Após anos de disputas entre consumidores e construtoras, foi aprovada, em 2018, a lei dos distratos (13.786), com a intenção de apresentar regras claras para esses casos. Entre as principais medidas, ficou definida multa de até 50% sobre o valor pago se alguma das partes desistir do negócio. Até então, os tribunais aplicavam entre 10% e 25%, conforme avaliação de cada juiz.
A lei, portanto, serviu para aumentar as penas e inibir as desistências dos negócios. Com isso, os distratos chegaram a quase 50% das vendas brutas no ápice da crise imobiliária, nos idos de 2015 e 2016, mas hoje são menos de 10%, de acordo com monitoramento da Associação Brasileira de Incorporadoras Imobiliárias (Abrainc).
Entretanto, uma decisão recente do STJ reduziu a multa novamente para até 25%. Além disso, passou a determinar que a construtora deve fazer a devolução dos valores de forma imediata, e não mais só após o término da obra, conforme estabelecido na lei dos distratos.
Tais mudanças não foram unânimes, tendo três votos favoráveis e dois contrários, conforme acórdão assinado pela 3ª Turma do STJ no início de setembro. O caso foi relatado pela ministra Nancy Andrighi.
O que vale mais, distrato ou Código do Consumidor?
A maioria dos magistrados avaliou que o Código de Defesa do Consumidor (CDC) deve prevalecer sobre a Lei dos Distratos porque ele aborda todos os contratos em que há relação de consumo, sendo, portanto, mais amplo que a legislação específica do mercado imobiliário.
A partir daí, os ministros reduziram a multa com base na interpretação do CDC que veda perdas substanciais dos valores pagos pelos consumidores e um eventual enriquecimento sem causa por parte das empresas. "Esta Corte extraiu a conclusão de que é abusiva a perda substancial dos valores pagos na hipótese de resolução do contrato de compra e venda de imóvel por culpa do consumidor, não podendo a retenção ultrapassar 25% dos valores pagos", descreveu a relatora.

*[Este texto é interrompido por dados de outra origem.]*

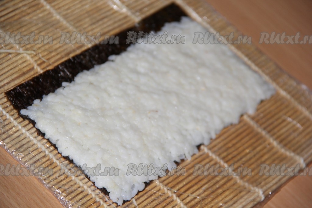 Разрезать лист нори на две части. Половину листа нори выложить на циновку блестящей стороной вниз. Равномерно распределить рис по листу, оставив с одного края 1 см листа свободным. Толщина риса должна быть, примерно, 5 мм.
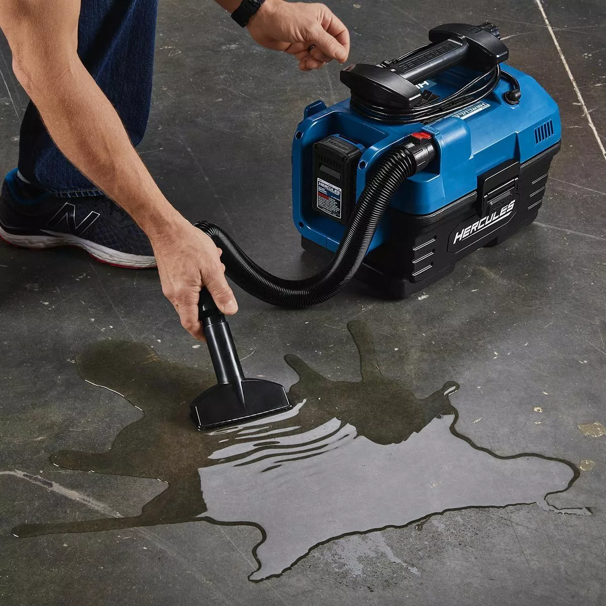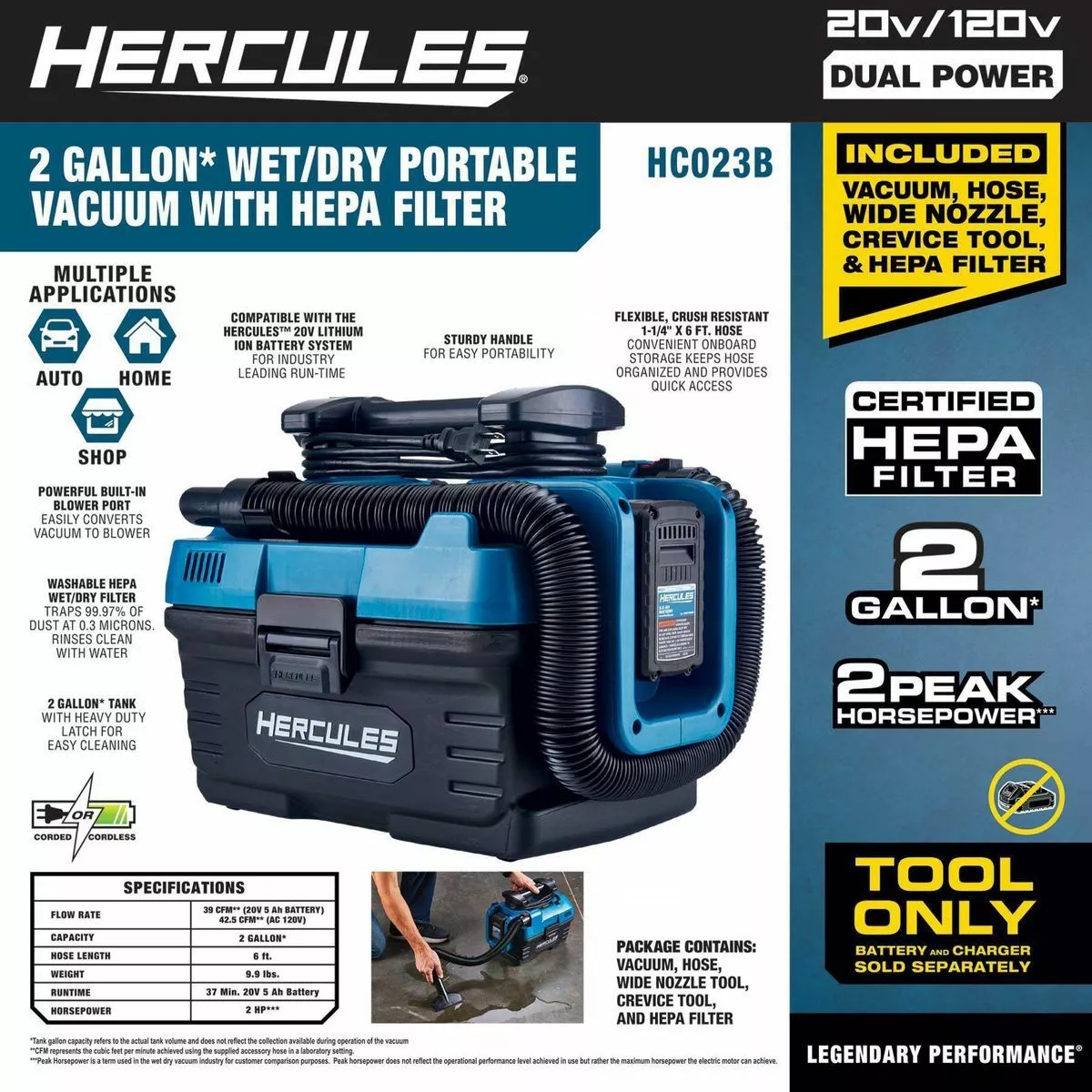 The HERCULES™ 20V/120V Dual Power 2 Gallon Wet/Dry Portable Vacuum is easy to handle for fast cleanup of dust, dirt and debris. Get ultimate portability along with full power and long run times using the HERCULES™ Lithium battery system or switch to 120V for prolonged use. This vacuum has a HEPA wet/dry filter that traps 99.97% of dust at 1 micron and easily washes clean with water. A blower port makes it easy to use the vacuum as a blower to sweep away loose dust and debris. Combined with the HERCULES™ Lithium battery system for fast charging and longer run times, this tool delivers legendary performance that professionals demand.

O caso julgado foi um recurso especial de um distrato realizado após a promulgação da nova lei. Mesmo assim, prevaleceu a visão de que o CDC fala mais alto. Ao definir que a lei dos distratos não se aplica nas relações de consumo, os ministros também invocaram a Súmula 543, do STJ, segundo a qual deve ocorrer a imediata restituição dos valores pagos.
Interpretação dos casos
O acórdão da 3ª Turma não representa uma posição consolidada do STJ, nem tem poder vinculante. Isso quer dizer que os juízes de primeira instância não têm a obrigação de segui-lo. Mesmo assim, o acórdão dá subsídios para a interpretação dos casos de maneira diferente da prevista na lei dos distratos. Ou seja: as regras voltaram a ficar incertas, alertaram os advogados.
"Na primeira instância, o juiz pode decidir com base na lei dos distratos ou na súmula do STJ, o que mandar a sua consciência. A grande maioria segue a lei, mas essa nova decisão traz muita insegurança e falta de previsibilidade", disse o advogado Olivar Vitale, sócio do escritório VBD, que atende construtoras, e membro do Instituto Brasileiro de Direito Imobiliário (Ibradim).
Do ponto de vista do consumidor que optou por desfazer o negócio, a decisão do STJ representou uma vitória significativa, pois abriu espaço para multas menores e a restituição imediata dos valores. "Essa decisão deu ao juiz o direito de modular o valor da multa se entender que está abusiva, a fim de trazer maior equilíbrio", afirmou o advogado Marcelo Tapai, especialista em direito imobiliário e defesa do consumidor.
Tapai defende que a construtora não pode ficar com valores substanciais sem uma contraprestação. “Ao comprar o imóvel na planta, é como se o comprador emprestasse o dinheiro para a empresa fazer a construção. O comprador não chegou a usufruir do imóvel. Se tem o distrato, o dinheiro tem que ser devolvido para", enfatizou.
"Eu acredito que a partir de agora vamos ver mais judicialização", acrescentou o sócio do escritório Amatuzzi Advogados, Bruno Amatuzzi, especialista no setor e representante das empresas.
"Os adquirentes de imóveis ganharam uma força para contestação que não tinham antes".
Para as empresas de construção, o distrato é ruim porque o dinheiro recebido com a venda do imóvel na planta é usado na construção. Se tiverem que devolver os valores aos adquirentes, podem sofrer com falta de recursos ao longo da obra.
A multa mais alta inibia esses casos, mas, agora, as cláusulas contratuais com retenções superiores a 25% ficarão sujeitas à nulidade. "Se a empresa devolver o dinheiro antes do fim da obra, vai ter o risco do prédio não ser terminado. É um problema grave que fez empresas quebrarem no passado", ressaltou Vitale.